The reasons for this, researchers from the University of Eastern Finland believe, is that exposure to saunas "may decrease systemic blood pressure through different biological mechanisms," they wrote in a statement. "During sauna bathing, the body temperature may rise up to 2 °C degrees, causing vessels vasodilation. Regular sauna bathing improves endothelial function, i.e. the function of the inside layer of blood vessels, which has beneficial effects on systemic blood pressure. Sweating, in turn, removes fluid from the body, which is a contributing factor to decreased blood pressure levels."

According to their paper, researchers studied more than 1,600 middle-aged men, from 42 to 60 years old who did not suffer from hypertension ("defined as a physician diagnosis of hypertension, systolic blood pressure (SBP) >140 mm Hg, diastolic blood pressure >90 mm Hg") and did not take antihypertensive drugs. The mean follow-up time was 22 years, with the high end being 26.9 years. 

The men were divided into three groups, those who: 

  • visited a sauna once per week
  • went 2-3 times per week
  • took saunas 4-7 times per week 

After the follow-up period, just over 15 percent of the participants were diagnosed with hypertension, but that risk was 24 percent less for those who saunaed 2-3 times/week and 46 percent lower for 4-7 times/week group.

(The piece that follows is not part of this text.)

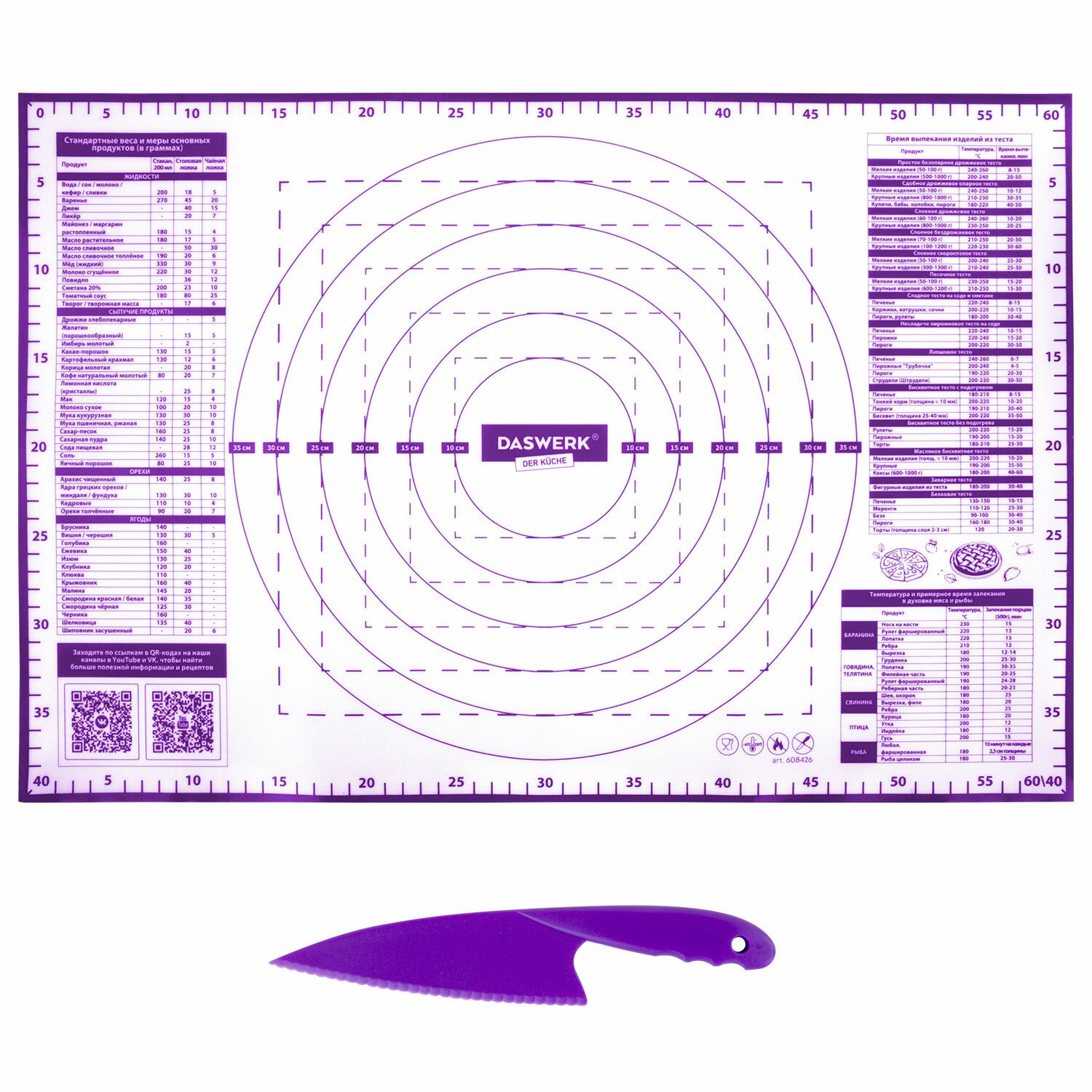 Коврик силиконовый для раскатки/запекания 40х60 см, фиолетовый, ПОДАРОК пластиковый нож, DASWERK, 608425

Based on the results, researchers also postulate that using a sauna is "an activity that promotes relaxation and well-being." The temperature range was 80°C to 100°C.

In the study, which was published in the American Journal of Hypertension, the research team added that "the results were carefully adjusted for confounders in the association with hypertension, such as BMI, smoking, cardiorespiratory fitness, alcohol intake, and SES," the abbreviation for socioeconomic status, and the "majority of Finnish people use sauna regularly and access to sauna is not limited by socioeconomic background or other reasons."

A limitation of the study is that it only included men from Eastern Finland, therefore it's difficult to know whether the results carry over to all middle-aged men of other races and locations, as well as for women. 

"Further studies are needed to confirm our results in different population settings, including women," the study concludes, "and among those who are not familiar to regular sauna bathing."